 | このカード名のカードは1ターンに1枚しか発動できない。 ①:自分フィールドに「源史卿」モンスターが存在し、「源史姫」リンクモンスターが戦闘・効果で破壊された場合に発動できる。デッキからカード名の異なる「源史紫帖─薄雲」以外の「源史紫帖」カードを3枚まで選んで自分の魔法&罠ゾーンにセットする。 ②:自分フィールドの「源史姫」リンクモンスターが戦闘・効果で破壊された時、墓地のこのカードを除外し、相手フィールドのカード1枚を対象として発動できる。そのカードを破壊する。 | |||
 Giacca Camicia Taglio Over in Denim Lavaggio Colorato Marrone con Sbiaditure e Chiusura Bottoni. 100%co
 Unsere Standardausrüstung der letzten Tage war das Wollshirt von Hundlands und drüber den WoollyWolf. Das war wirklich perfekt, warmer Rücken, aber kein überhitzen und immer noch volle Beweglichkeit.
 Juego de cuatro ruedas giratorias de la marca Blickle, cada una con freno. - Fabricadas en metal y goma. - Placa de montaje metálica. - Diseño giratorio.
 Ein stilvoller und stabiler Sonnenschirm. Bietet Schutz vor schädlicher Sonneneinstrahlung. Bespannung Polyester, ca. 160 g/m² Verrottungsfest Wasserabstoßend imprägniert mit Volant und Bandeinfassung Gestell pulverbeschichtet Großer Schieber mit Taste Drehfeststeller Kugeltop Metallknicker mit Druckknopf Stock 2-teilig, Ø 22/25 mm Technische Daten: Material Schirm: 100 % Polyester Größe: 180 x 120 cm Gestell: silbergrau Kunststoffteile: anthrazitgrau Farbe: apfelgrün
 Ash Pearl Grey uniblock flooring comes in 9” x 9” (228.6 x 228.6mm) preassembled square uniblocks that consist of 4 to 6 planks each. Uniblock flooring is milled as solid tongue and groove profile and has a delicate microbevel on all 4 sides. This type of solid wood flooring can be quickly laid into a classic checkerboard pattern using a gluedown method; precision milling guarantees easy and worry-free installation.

_What is expected_: Give the complete listing again, exactly as it appears above.

_Output for this exercise_:
 | このカード名のカードは1ターンに1枚しか発動できない。 ①:自分フィールドに「源史卿」モンスターが存在し、「源史姫」リンクモンスターが戦闘・効果で破壊された場合に発動できる。デッキからカード名の異なる「源史紫帖─薄雲」以外の「源史紫帖」カードを3枚まで選んで自分の魔法&罠ゾーンにセットする。 ②:自分フィールドの「源史姫」リンクモンスターが戦闘・効果で破壊された時、墓地のこのカードを除外し、相手フィールドのカード1枚を対象として発動できる。そのカードを破壊する。 | |||
 Giacca Camicia Taglio Over in Denim Lavaggio Colorato Marrone con Sbiaditure e Chiusura Bottoni. 100%co
 Unsere Standardausrüstung der letzten Tage war das Wollshirt von Hundlands und drüber den WoollyWolf. Das war wirklich perfekt, warmer Rücken, aber kein überhitzen und immer noch volle Beweglichkeit.
 Juego de cuatro ruedas giratorias de la marca Blickle, cada una con freno. - Fabricadas en metal y goma. - Placa de montaje metálica. - Diseño giratorio.
 Ein stilvoller und stabiler Sonnenschirm. Bietet Schutz vor schädlicher Sonneneinstrahlung. Bespannung Polyester, ca. 160 g/m² Verrottungsfest Wasserabstoßend imprägniert mit Volant und Bandeinfassung Gestell pulverbeschichtet Großer Schieber mit Taste Drehfeststeller Kugeltop Metallknicker mit Druckknopf Stock 2-teilig, Ø 22/25 mm Technische Daten: Material Schirm: 100 % Polyester Größe: 180 x 120 cm Gestell: silbergrau Kunststoffteile: anthrazitgrau Farbe: apfelgrün
 Ash Pearl Grey uniblock flooring comes in 9” x 9” (228.6 x 228.6mm) preassembled square uniblocks that consist of 4 to 6 planks each. Uniblock flooring is milled as solid tongue and groove profile and has a delicate microbevel on all 4 sides. This type of solid wood flooring can be quickly laid into a classic checkerboard pattern using a gluedown method; precision milling guarantees easy and worry-free installation.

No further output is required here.